Julia Kreuz | MLB
Jen Pawol has been steadily moving up the umpires ranks over the course of her eight-year career, and she is now one step closer to the Majors with the Monday announcement that she will be the first woman since 2007 to work in Major League Spring Training games. This is a crucial step in Pawol’s effort to become the first female umpire in the Majors, a goal that’s significantly closer today than yesterday.
Whenever MLB needs fill-in or additional umpires during the regular season, it draws from the group of Triple-A umpires that are named to the MLB Call-Up list that is made up exclusively of umpires that had been invited to MLB Spring Training. After firmly standing her ground while the pool of candidates narrowed around her, Pawol’s odds have never been more favorable.
She’s had nearly a decade to build up to this moment.

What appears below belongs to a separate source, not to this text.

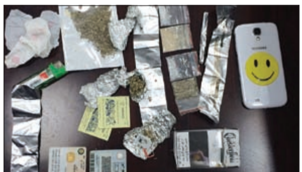
المخدرات المضبوطة مع الوافدين المصريين في حولي
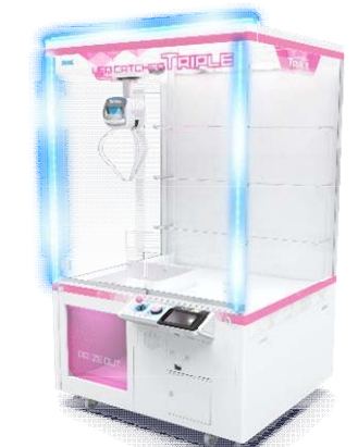
『UFOキャッチャートリプル』

Pawol started her career on June 24, 2016, in the Gulf Coast League. At the time, Pawol was the seventh woman to umpire in a Minor League game, following in the footsteps of Bernice Gera (1972), Christine Wren (1975-77), Pam Postema (1977-89), Theresa Cox Fairlady (1989-91), Ria Cortesio (1999-2007) and Shanna Kook (2003-04). Cortesio was the most recent female umpire to work a Spring Training game.

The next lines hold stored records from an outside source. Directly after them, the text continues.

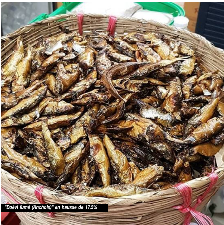
"Doèvi fumé (Anchois)" en hausse de 17,5%
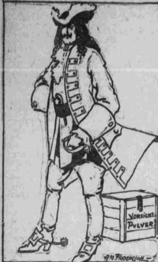
Baron Münchhausen, Kriegsbericht-erzähler der Allierten Presse.

„Die Forts von Lüttich halten sich noch immer!“
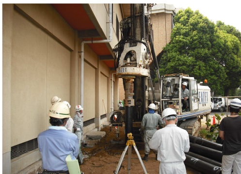
酒々井中体育館の杭打ち工事
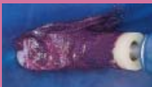
3. Kalíšek se štětiniami přitlačí Opalustre na povrch zubu. Doporučuje se střídatvě oplachovat a kontrolovat výsledek.
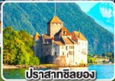
ปราสาทซิลยอง
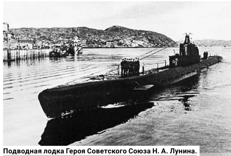
Подводная лодка Героя Советского Союза Н. А. Лунина.

Not since Postema, though, has there been this much momentum in a woman’s quest to officiate in the Major Leagues.
The 47-year-old Pawol is one of nine women scheduled to work on-field roles in the Minor Leagues this season. Yet, the list of female umps who have made it as far as Triple-A is significantly shorter: Postema, who was also the first woman assigned to Major League Spring Training games, and Pawol. The league has put a real effort into growing those numbers in recent years. If you open the testimonial page of MLB’s umpire camp website, two of the first four videos you’ll see feature women. One of them is Pawol, and the other is Isabella Robb, who became a professional umpire in 2022.
Pawol first attended an MLB/MiLB tryout camp in 2015 in Cincinnati, at the suggestion of long-time umpires Ted Barrett and Paul Nauert, whom she’d met at an ump clinic in Atlanta the year prior. Pawol was among 38 people invited to the league’s Umpire Training Academy in Vero Beach, Fla. That led to her Minors assignment in ’16.

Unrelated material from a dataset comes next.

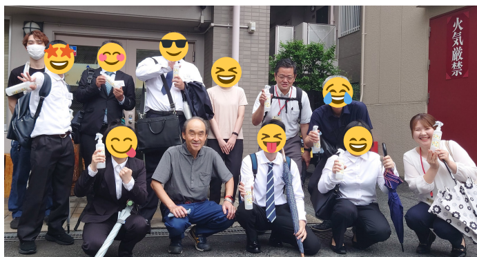
お土産に頂いたBNジョッキノールを持って記念撮影!!

Pawol kept rising from there. From the GCL, she moved through the ranks all the way to Double-A in 2022 and Triple-A in ’23.
But she and the game go back way further than that.
A New Jersey native, Pawol was inducted into the West Milford High School Athletic Hall of Fame in 2022 after graduating in 1995 as a three-year all-state athlete in softball and soccer. That earned her a softball scholarship with Hofstra University, where she played in Division I as a catcher. Around that same time, a young Pawol also began umpiring softball games, a practice not uncommon for college backstops looking to get a better feel for the strike zone.
She added a World Championship with the U.S. Women’s softball team in Toronto in 2001 before converting into an NCAA umpire for both softball and baseball.
Becoming a reference for the generations after her is a fortunate bonus for Pawol en route to the main goal. But that’s usually how it goes for pioneers. Like the women who paved the way before her, Pawol is forging a path that’s wider than herself.